(DATA EXCERPTS)
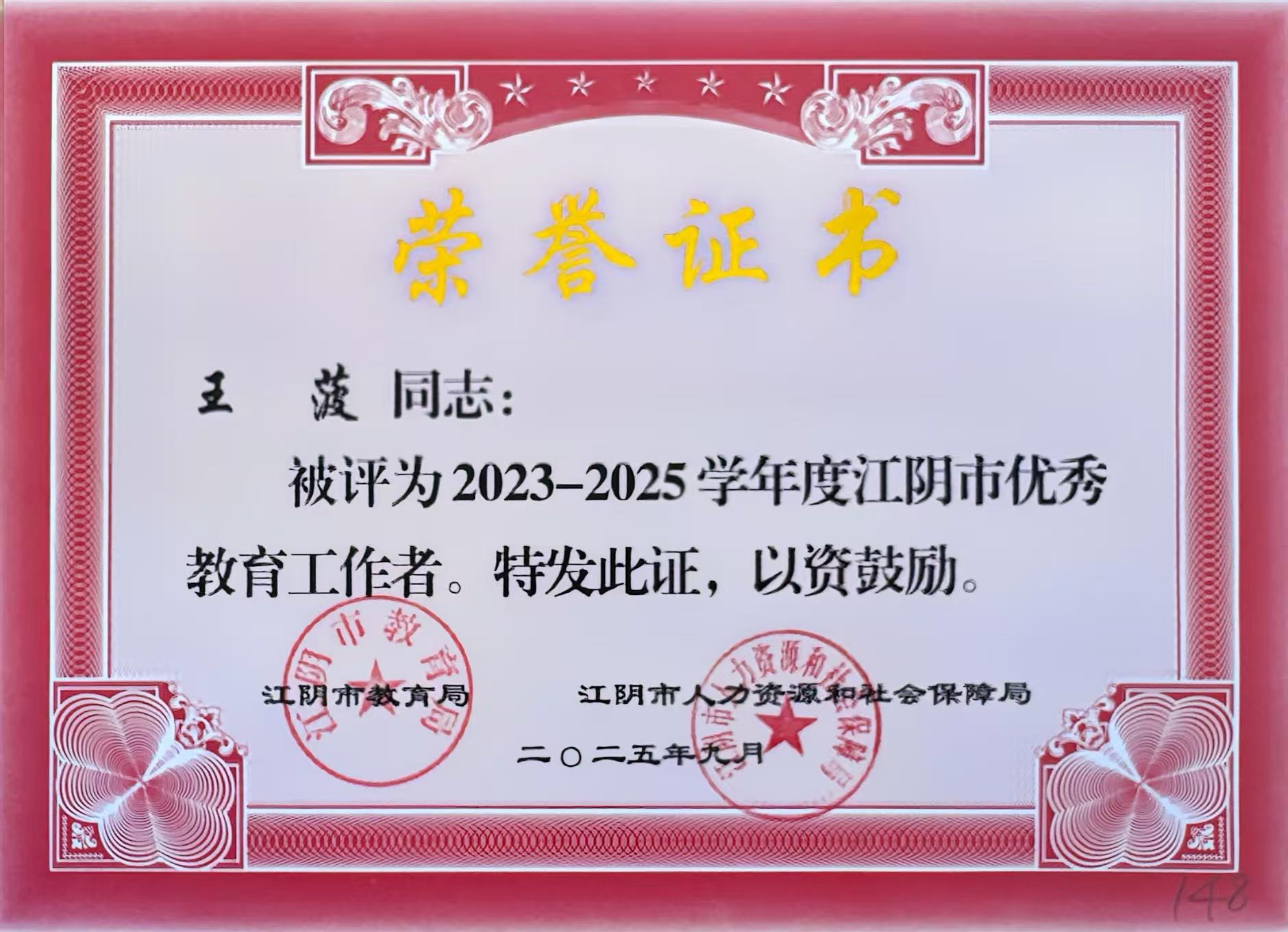 王菠老师 评为2023-2025学年度江阴市优秀教育工作者
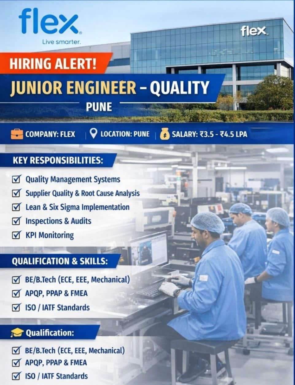 If you’re a fresh BE/B.Tech graduate in ECE, EEE, or Mechanical, and looking for a quality engineering role in Pune, here’s a solid opportunity. Flex is hiring for Junior Engineer – Quality with a salary range of ₹3.5–4.5 LPA. The role is perfect for candidates with 0–2 years of experience who want to build a career in Quality Management Systems, Lean Six Sigma, and supplier quality.
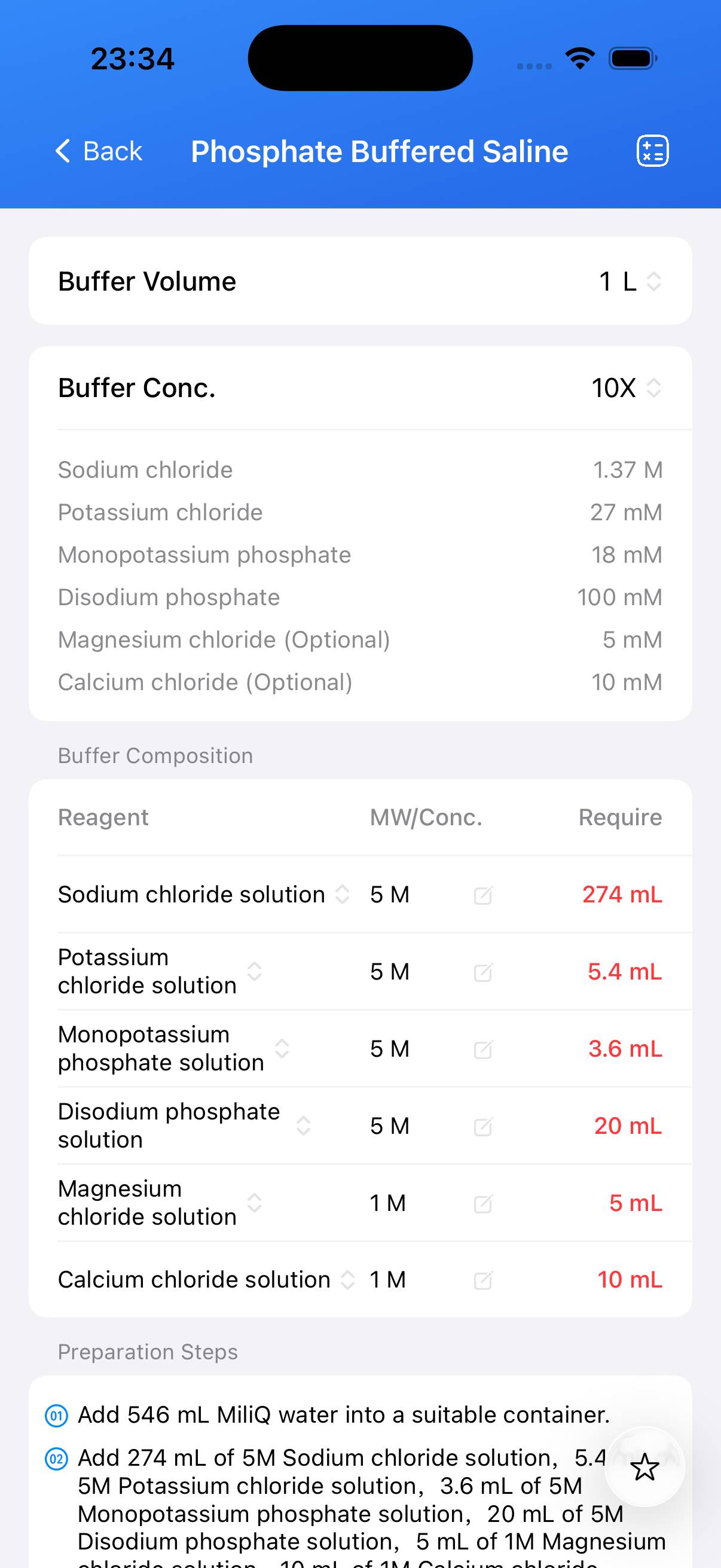 - Calcium chloride and magnesium chloride are optional; add according to experimental needs.
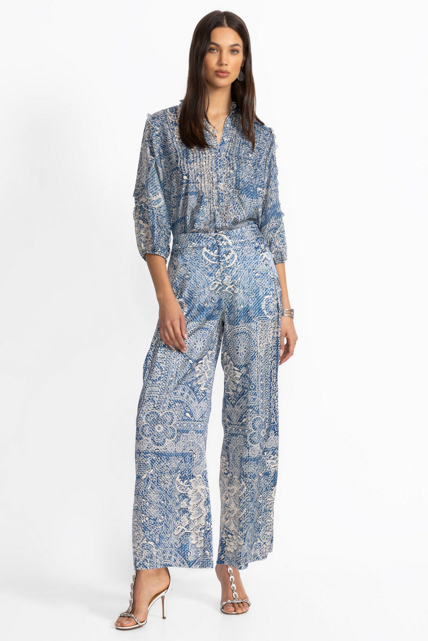 Beautifully adorned with a kaleidoscope of florals and paisley, the Lauchlen Pants are crafted from a silk blend with a hint of stretch. Designed with a comfortable elastic waist and front fly, these unique pants are finished with convenient slip pockets at the hips. Pair with a white button down and the Ivory Ankle Cowboy Boots for a modern western vibe.
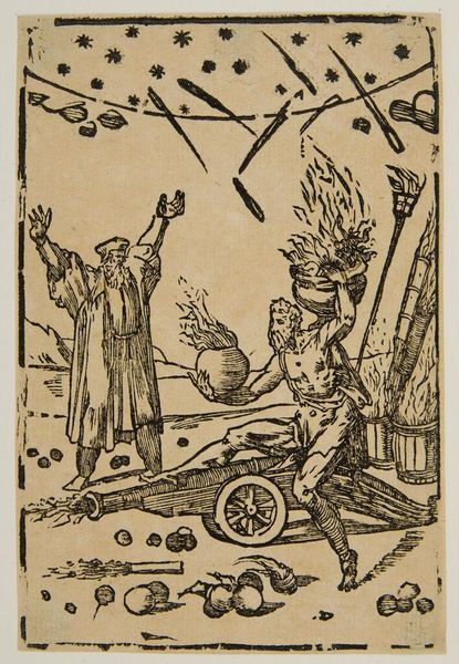 Editor: This is "Vulcan Leads the Metals to the Refinery" by Domenico Beccafumi. It's an intriguing image, almost like a stage play unfolding. What strikes you about its visual language? Curator: It's a fascinating print, reflecting the Renaissance fascination with classical mythology and its integration into social and political ideologies. Consider how Vulcan, the blacksmith god, embodies labor and craftsmanship, virtues that were being increasingly valued in the rising merchant class of the time. Editor: So, it's less about the literal myth and more about the values it represents in society? Curator: Precisely. Beccafumi uses this mythological scene to subtly comment on the burgeoning importance of industry and trade within the social fabric. The presence of Mercury suggests the role of commerce in this transformation. What do you make of the choice of printmaking as the medium? Editor: That's a good point. Prints would have been much more accessible. It's democratizing the message. Curator: Exactly. It becomes a vehicle for disseminating these values to a wider audience. It is really interesting how this piece demonstrates that art is for the people and about the people.
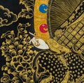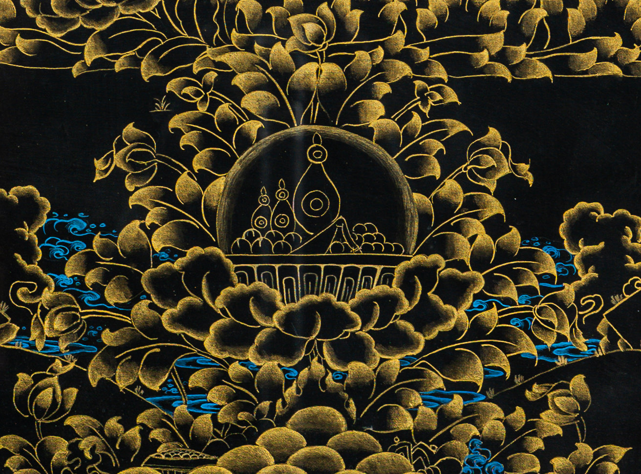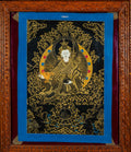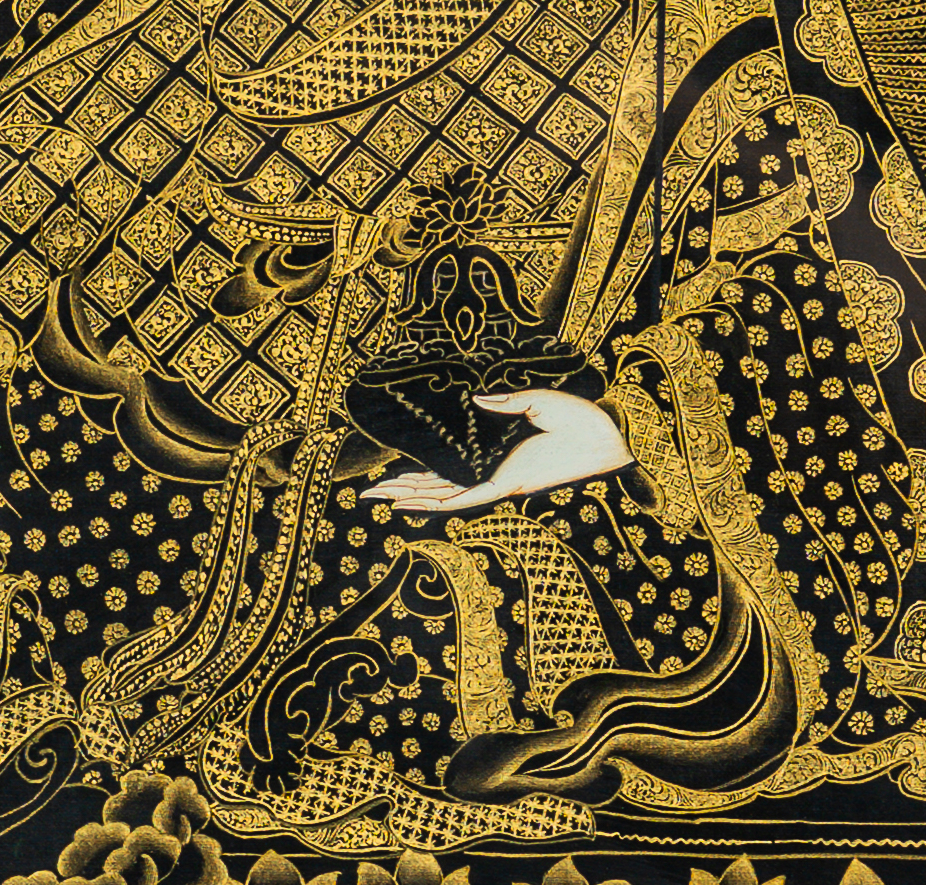 Crafted in the prestigious Nagpa style, this artwork features a deep, obsidian background that makes the intricate gold work radiate with divine energy. The artist has meticulously rendered every detail, from the complex "chainmail" patterns of his royal robes to the shimmering rays of his halo and the fine textures of the surrounding clouds. This heavy application of gold creates a luminous, three-dimensional effect that changes beautifully with the light. This Thangka is not just a painting but a powerful energetic support for meditation, perfect for those seeking the transformative protection of the Great Master.

(PROMPT)
Everything in the listing above except the pictures should be duplicated exactly.

(EXERCISE OUTPUT)
 王菠老师 评为2023-2025学年度江阴市优秀教育工作者
 If you’re a fresh BE/B.Tech graduate in ECE, EEE, or Mechanical, and looking for a quality engineering role in Pune, here’s a solid opportunity. Flex is hiring for Junior Engineer – Quality with a salary range of ₹3.5–4.5 LPA. The role is perfect for candidates with 0–2 years of experience who want to build a career in Quality Management Systems, Lean Six Sigma, and supplier quality.
 - Calcium chloride and magnesium chloride are optional; add according to experimental needs.
 Beautifully adorned with a kaleidoscope of florals and paisley, the Lauchlen Pants are crafted from a silk blend with a hint of stretch. Designed with a comfortable elastic waist and front fly, these unique pants are finished with convenient slip pockets at the hips. Pair with a white button down and the Ivory Ankle Cowboy Boots for a modern western vibe.
 Editor: This is "Vulcan Leads the Metals to the Refinery" by Domenico Beccafumi. It's an intriguing image, almost like a stage play unfolding. What strikes you about its visual language? Curator: It's a fascinating print, reflecting the Renaissance fascination with classical mythology and its integration into social and political ideologies. Consider how Vulcan, the blacksmith god, embodies labor and craftsmanship, virtues that were being increasingly valued in the rising merchant class of the time. Editor: So, it's less about the literal myth and more about the values it represents in society? Curator: Precisely. Beccafumi uses this mythological scene to subtly comment on the burgeoning importance of industry and trade within the social fabric. The presence of Mercury suggests the role of commerce in this transformation. What do you make of the choice of printmaking as the medium? Editor: That's a good point. Prints would have been much more accessible. It's democratizing the message. Curator: Exactly. It becomes a vehicle for disseminating these values to a wider audience. It is really interesting how this piece demonstrates that art is for the people and about the people.
 Crafted in the prestigious Nagpa style, this artwork features a deep, obsidian background that makes the intricate gold work radiate with divine energy. The artist has meticulously rendered every detail, from the complex "chainmail" patterns of his royal robes to the shimmering rays of his halo and the fine textures of the surrounding clouds. This heavy application of gold creates a luminous, three-dimensional effect that changes beautifully with the light. This Thangka is not just a painting but a powerful energetic support for meditation, perfect for those seeking the transformative protection of the Great Master.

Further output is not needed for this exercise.